Items listed in a dataset
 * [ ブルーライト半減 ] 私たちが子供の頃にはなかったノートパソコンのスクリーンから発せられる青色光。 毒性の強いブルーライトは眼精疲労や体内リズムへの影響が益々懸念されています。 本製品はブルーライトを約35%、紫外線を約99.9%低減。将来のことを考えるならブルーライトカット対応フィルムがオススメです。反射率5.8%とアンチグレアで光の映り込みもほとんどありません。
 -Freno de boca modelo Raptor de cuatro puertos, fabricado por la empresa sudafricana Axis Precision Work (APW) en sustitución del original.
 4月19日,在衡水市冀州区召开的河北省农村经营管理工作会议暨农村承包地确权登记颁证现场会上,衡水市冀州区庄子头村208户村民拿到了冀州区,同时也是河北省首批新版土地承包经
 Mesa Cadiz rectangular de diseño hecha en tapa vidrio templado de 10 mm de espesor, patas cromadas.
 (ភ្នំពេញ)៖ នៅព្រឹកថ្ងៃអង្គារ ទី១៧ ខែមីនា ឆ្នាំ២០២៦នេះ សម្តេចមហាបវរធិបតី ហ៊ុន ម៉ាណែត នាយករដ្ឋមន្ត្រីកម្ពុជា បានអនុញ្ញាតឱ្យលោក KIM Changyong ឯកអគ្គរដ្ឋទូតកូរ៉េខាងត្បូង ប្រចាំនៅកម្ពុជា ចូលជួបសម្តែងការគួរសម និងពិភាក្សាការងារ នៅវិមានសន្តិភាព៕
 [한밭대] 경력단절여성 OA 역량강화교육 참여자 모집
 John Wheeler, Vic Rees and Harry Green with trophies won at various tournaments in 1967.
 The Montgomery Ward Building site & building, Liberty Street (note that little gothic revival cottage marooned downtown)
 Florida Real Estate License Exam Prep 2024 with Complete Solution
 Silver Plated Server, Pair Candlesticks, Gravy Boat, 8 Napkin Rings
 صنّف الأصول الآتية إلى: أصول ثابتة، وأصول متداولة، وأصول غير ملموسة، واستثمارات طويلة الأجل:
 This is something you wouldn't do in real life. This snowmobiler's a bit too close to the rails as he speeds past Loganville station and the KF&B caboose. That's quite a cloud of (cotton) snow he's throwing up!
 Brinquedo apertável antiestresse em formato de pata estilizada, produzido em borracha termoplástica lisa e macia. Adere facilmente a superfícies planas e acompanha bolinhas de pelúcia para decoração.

Aim of the task: Quote, word for word, every line starting at the one that contains "-Freno de boca" and ending with the final line of the entries.

Reply:
 -Freno de boca modelo Raptor de cuatro puertos, fabricado por la empresa sudafricana Axis Precision Work (APW) en sustitución del original.
 4月19日,在衡水市冀州区召开的河北省农村经营管理工作会议暨农村承包地确权登记颁证现场会上,衡水市冀州区庄子头村208户村民拿到了冀州区,同时也是河北省首批新版土地承包经
 Mesa Cadiz rectangular de diseño hecha en tapa vidrio templado de 10 mm de espesor, patas cromadas.
 (ភ្នំពេញ)៖ នៅព្រឹកថ្ងៃអង្គារ ទី១៧ ខែមីនា ឆ្នាំ២០២៦នេះ សម្តេចមហាបវរធិបតី ហ៊ុន ម៉ាណែត នាយករដ្ឋមន្ត្រីកម្ពុជា បានអនុញ្ញាតឱ្យលោក KIM Changyong ឯកអគ្គរដ្ឋទូតកូរ៉េខាងត្បូង ប្រចាំនៅកម្ពុជា ចូលជួបសម្តែងការគួរសម និងពិភាក្សាការងារ នៅវិមានសន្តិភាព៕
 [한밭대] 경력단절여성 OA 역량강화교육 참여자 모집
 John Wheeler, Vic Rees and Harry Green with trophies won at various tournaments in 1967.
 The Montgomery Ward Building site & building, Liberty Street (note that little gothic revival cottage marooned downtown)
 Florida Real Estate License Exam Prep 2024 with Complete Solution
 Silver Plated Server, Pair Candlesticks, Gravy Boat, 8 Napkin Rings
 صنّف الأصول الآتية إلى: أصول ثابتة، وأصول متداولة، وأصول غير ملموسة، واستثمارات طويلة الأجل:
 This is something you wouldn't do in real life. This snowmobiler's a bit too close to the rails as he speeds past Loganville station and the KF&B caboose. That's quite a cloud of (cotton) snow he's throwing up!
 Brinquedo apertável antiestresse em formato de pata estilizada, produzido em borracha termoplástica lisa e macia. Adere facilmente a superfícies planas e acompanha bolinhas de pelúcia para decoração.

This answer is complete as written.